= Sê San Dam =

Vietnamese hydropower dam

The Sê San Dam (Sê San Dam 4) is on the Sê San river at Ia Tơi commune, Ia H'Drai district and Ia O commune, Ia Grai district of Gia Lai province in Vietnam.

== Power generation ==

The Sê San Dam hydropower plant has 3 units with an installed capacity of 360 MW, which is the second largest hydropower plant (after Ia Ly hydroelectricity) on the Sesan river hydroelectricity system. By design, the electricity output supplied to the national grid is 1.4 billion kWh/year. However, in situation of severe drought and water shortage, it is inevitable that the power output supplied to the national power grid will be drastically reduced.

== Impacts ==

The Sê San Hydropower ensures electricity security for the region and nation, helping to stabilize the electricity system.
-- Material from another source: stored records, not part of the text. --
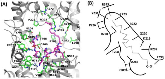 The result of the docking simulation of Stear-KKQHNPR ligand to human NEP structure. (A) Protein shape was colored gray. The interacting residues were described with one letter abbreviation and colored green. The ligand was colored purple. (B) Schematic representation of the fatty acid aliphatic chain binding pocket. One letter abbreviation was used to point to the interacting residues. The location (direction) of the sidechains constituting the binding pocket was shown as sticks.
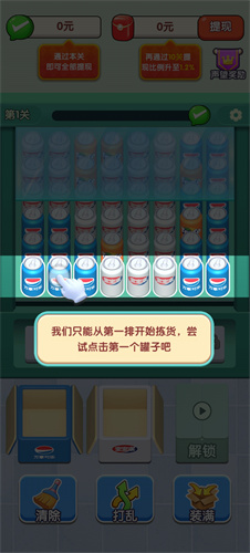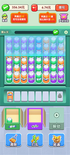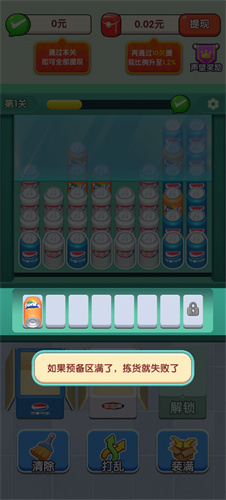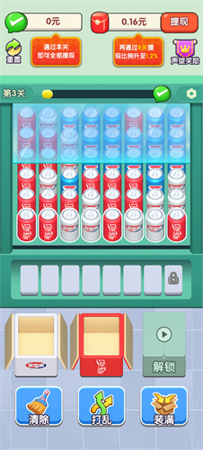 2.操作没有任何的难度,一键点击清除装满打包,点点屏幕就可以完成挑战。
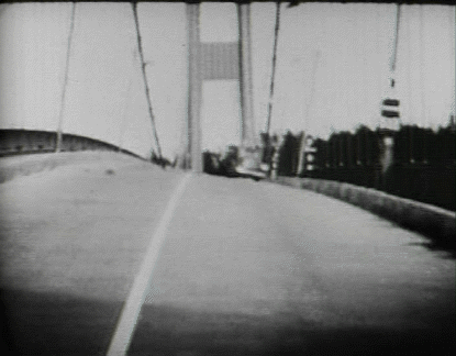 1940年11月7日,技术人员在7:30测得风速为38英里/小时,两小时后增强至42英里/小时,而此时的塔科马海峡吊桥,桥面波浪形起伏已达1米多。疯狂的扭动使得路面一侧翘起达8.5米,倾斜达到45度。而这一切刚好被正在附近拍摄电影的团队收入镜头当中,留下了珍贵的影像。
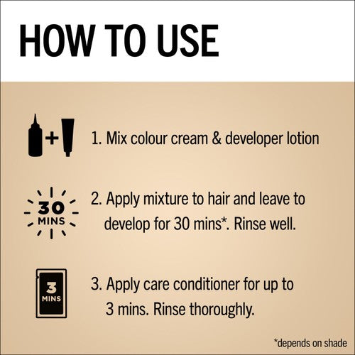 Contains hydrogen peroxide, phenylenediamines (toluenediamines) and resorcinol. Do not use to dye eyelashes or eyebrows. Rinse hair well after application. See bottom of the pack for full list of ingredients. Conduct an allergy alert test 48 hours before each time you colour (see enclosed leaflet), even if you have already used colouring products before. So remember to buy the product 48 hours in advance. In case of any reaction or when in doubt consult a doctor before using any hair colour product. Avoid contact with eyes. Rinse immediately if product comes into contact with them. Wear suitable gloves.
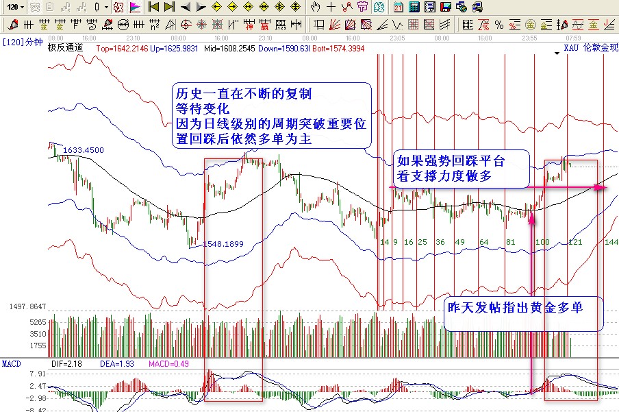 然后引發(fā)了一輪暴跌,但是這次是日線突破重要的壓力線位置,日線開(kāi)始強(qiáng)勢(shì),回踩就有所減免,回踩反而是多單的位置說(shuō)以關(guān)鍵位置還是macd指標(biāo)的構(gòu)成過(guò)程跟下跌的幅度,120分時(shí)間周期中極反通道生命線更跟前期的平臺(tái)位置構(gòu)成了極強(qiáng)的支撐力度,回踩這個(gè)位置不破可以多單。。。。。
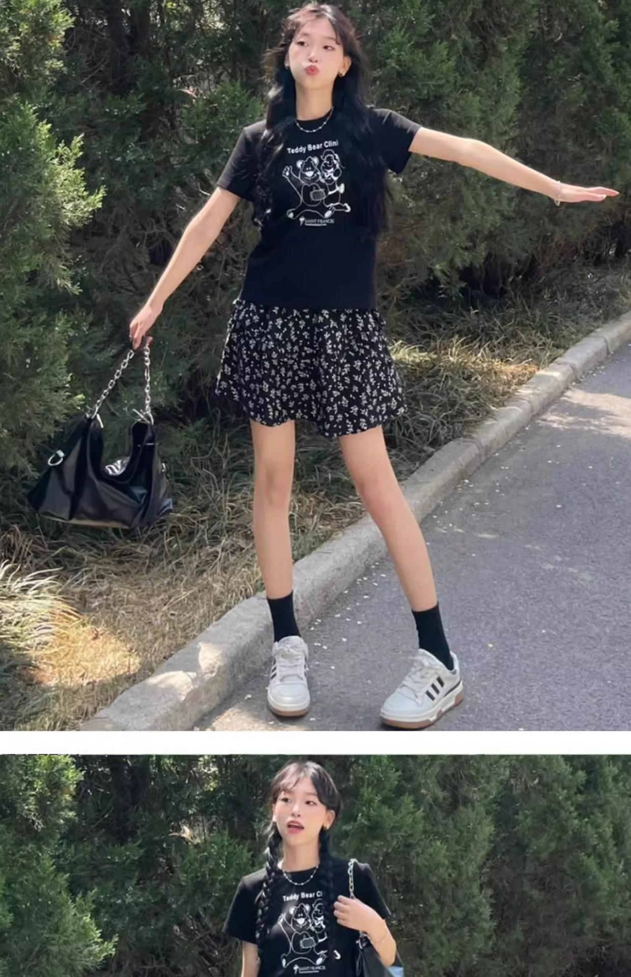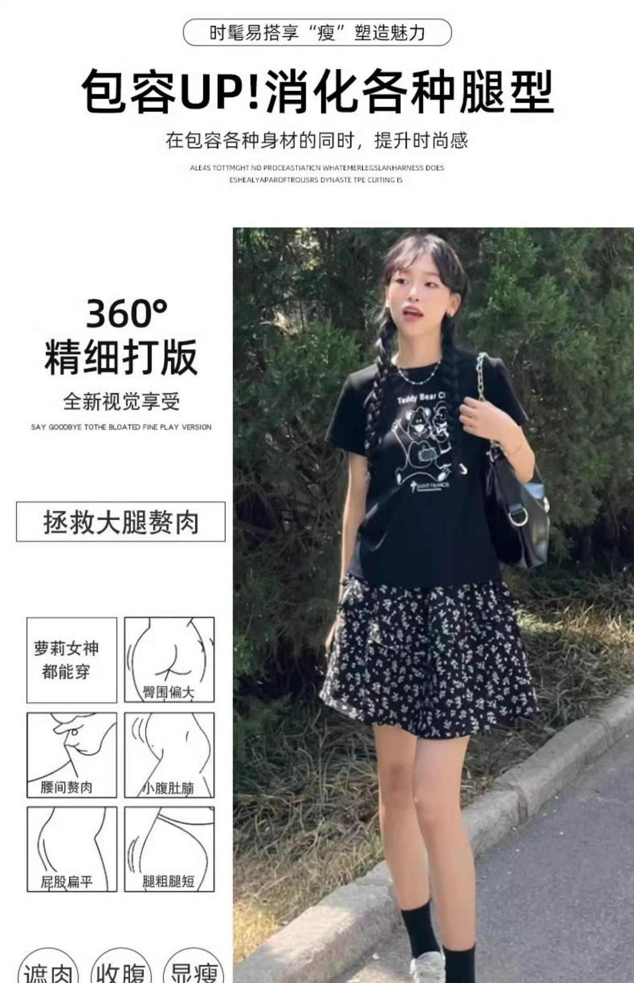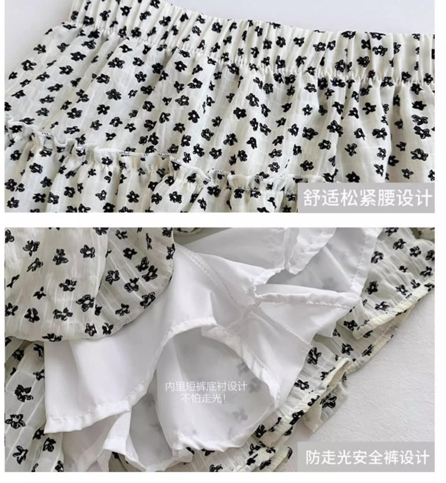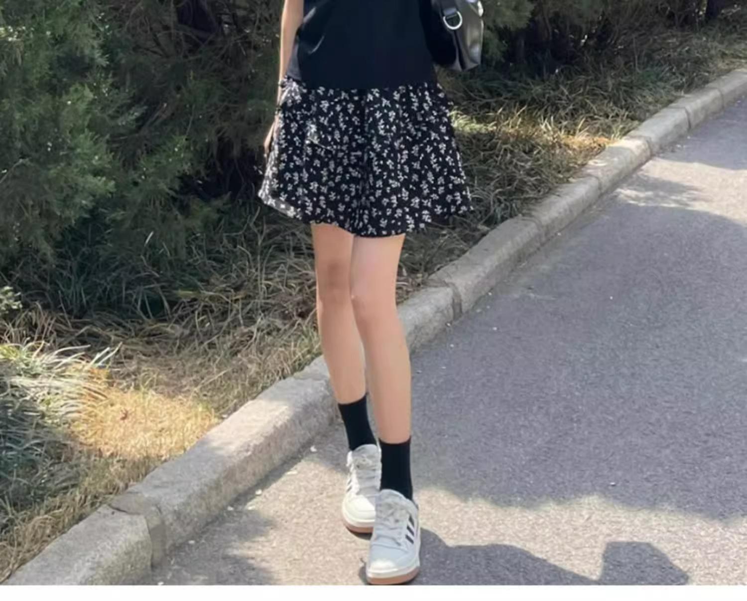 Verano 2025 Hermosa Falda Corta Floral Pequeña Primavera Nuevo Mujer Blanco Cintura Alta Línea A Falda Pastel Culottes Negros
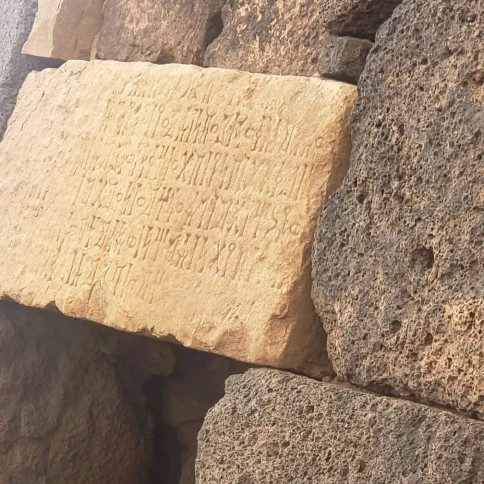 ينشر لاول مره: لوح حجري اثري قديم يحتوي على ٤ سطور بخط المسند اليمني القديم بنمط جميل جدا ولكن يظهر من خلال صورة اللوح هذا انه قد تعرض للكسر من الطرف لجهة الشمال كامل اخر السطور مما افقد النقش بعض النص وهذه قراءة مني لهذا النقش والذي جاء فيه: القراءة الاولى النصية / ١ / وهب شمسم / ايمن / بن / ال سعد / يرتع / واخيهو / ......٢ / وهو ثرن / وهشقرن / محفدهمو
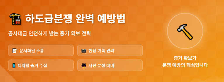 현장 사진과 시공 과정 기록은 하도급 분쟁 시 가장 강력한 증거가 됩니다.
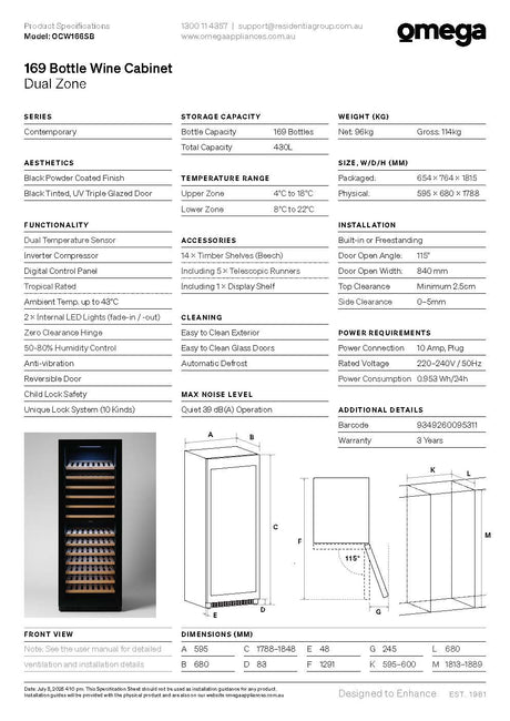$2,969.00Unit price /UnavailableOmega OCW166SB 169 Bottle Dual Zone Wine Cabinet
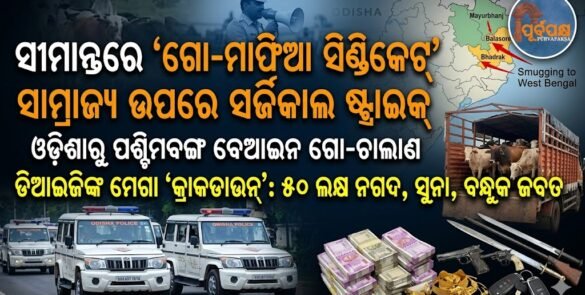 ଓଡ଼ିଶାରୁ ପଶ୍ଚିମବଙ୍ଗକୁ ଚାଲୁଥିବା ବେଆଇନ ଗୋ-ଚାଲାଣର ମେରୁଦଣ୍ଡ ଭାଙ୍ଗିବା ପାଇଁ ପୂର୍ବାଞ୍ଚଳ ପୋଲିସ ଏକ ବଡ଼ ଧରଣର ଅପରେସନ୍ ଆରମ୍ଭ କରିଛି। ଦୀର୍ଘ ଦିନର ଯୋଜନା ଏବଂ ଗୁଇନ୍ଦା ସୂଚନାକୁ ଆଧାର କରି ମଙ୍ଗଳବାର ବାଲେଶ୍ୱର, ଭଦ୍ରକ ଏବଂ ମୟୂରଭଞ୍ଜ ଜିଲ୍ଲାରେ ଏକକାଳୀନ ଚଢ଼ାଉ କରାଯାଇଛି। ଏହି ମେଗା କ୍ରାକଡାଉନ୍ରେ ଗୋ-ମାଫିଆଙ୍କ କଳା ସାମ୍ରାଜ୍ୟର ଚିତ୍ର ପଦାକୁ ଆସିଛି। ଚଢ଼ାଉ ବେଳେ ପୋଲିସ କେବଳ ମାଫିଆଙ୍କୁ ଅଟକ ରଖିନାହିଁ, ବରଂ ୫୦ ଲକ୍ଷରୁ ଅଧିକ ନଗଦ ଟଙ୍କା, … Continue reading ସୀମାନ୍ତରେ ‘ଗୋ-ମାଫିଆ ସିଣ୍ଡିକେଟ୍’ ସାମ୍ରାଜ୍ୟ ଉପରେ ସର୍ଜିକାଲ ଷ୍ଟ୍ରାଇକ୍ || Surgical strike on ‘Go-Mafia Syndicate’ empire on the border
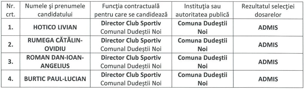 Comisia de concurs comunică următoarele rezultate ale selecției dosarelor de înscriere:

This hydropower supports in generating local budget and improving local economy. With the collected budget, it is used for forest recovery, forest plantation towards sustainable development of forest.

Since its construction in 2004, Sê San Hydropower has been recently promoted tourism. From Pleiku city, about 70 km to the west, tourists will reach Ia O commune, Ia Grai district to visit the lake bed, the fishing village on the Se San hydroelectric lake, visit Mo waterfall, and then go through the cashew garden, rubber forest, etc. with the pristine natural landscape. Tourism has just been newly launched, so the service remains limited and welcomes mainly domestic tourists for river-experiencing tourism services in the Central Highlands.